What this task involves: Return exactly the span of lines in the following data that opens with the line containing "Правоохоронці намагалися провести" and closes with the line containing "Telefontok Sötét kék". Include nothing else.

*** Recorded information ***

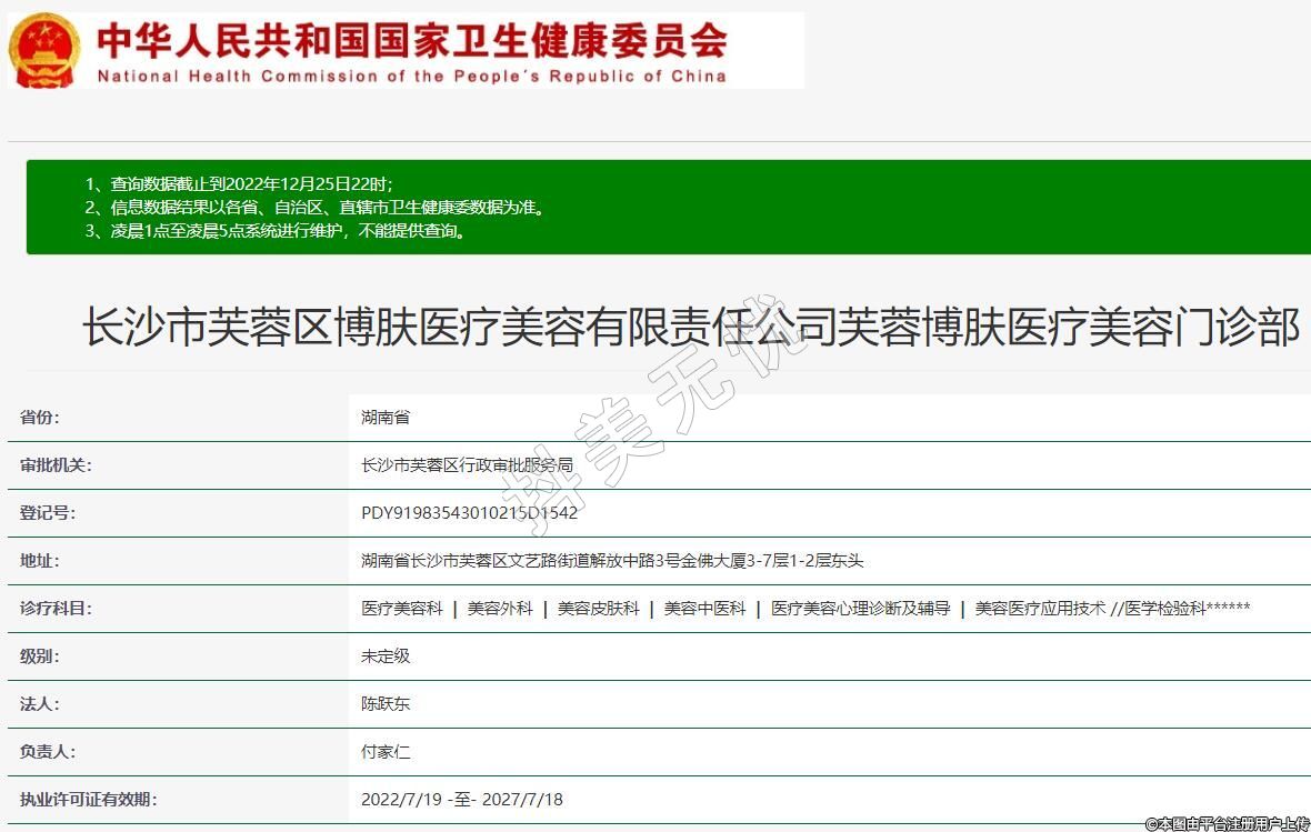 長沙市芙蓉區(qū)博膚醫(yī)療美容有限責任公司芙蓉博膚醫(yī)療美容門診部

*** End of Recorded information ***
*** Recorded information ***

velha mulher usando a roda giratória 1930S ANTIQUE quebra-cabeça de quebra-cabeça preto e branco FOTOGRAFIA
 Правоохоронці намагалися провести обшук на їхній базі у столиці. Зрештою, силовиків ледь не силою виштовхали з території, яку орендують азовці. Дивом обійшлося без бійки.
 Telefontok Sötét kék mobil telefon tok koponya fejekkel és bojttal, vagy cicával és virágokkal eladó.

*** End of Recorded information ***

Answer for the task:
 Правоохоронці намагалися провести обшук на їхній базі у столиці. Зрештою, силовиків ледь не силою виштовхали з території, яку орендують азовці. Дивом обійшлося без бійки.
 Telefontok Sötét kék mobil telefon tok koponya fejekkel és bojttal, vagy cicával és virágokkal eladó.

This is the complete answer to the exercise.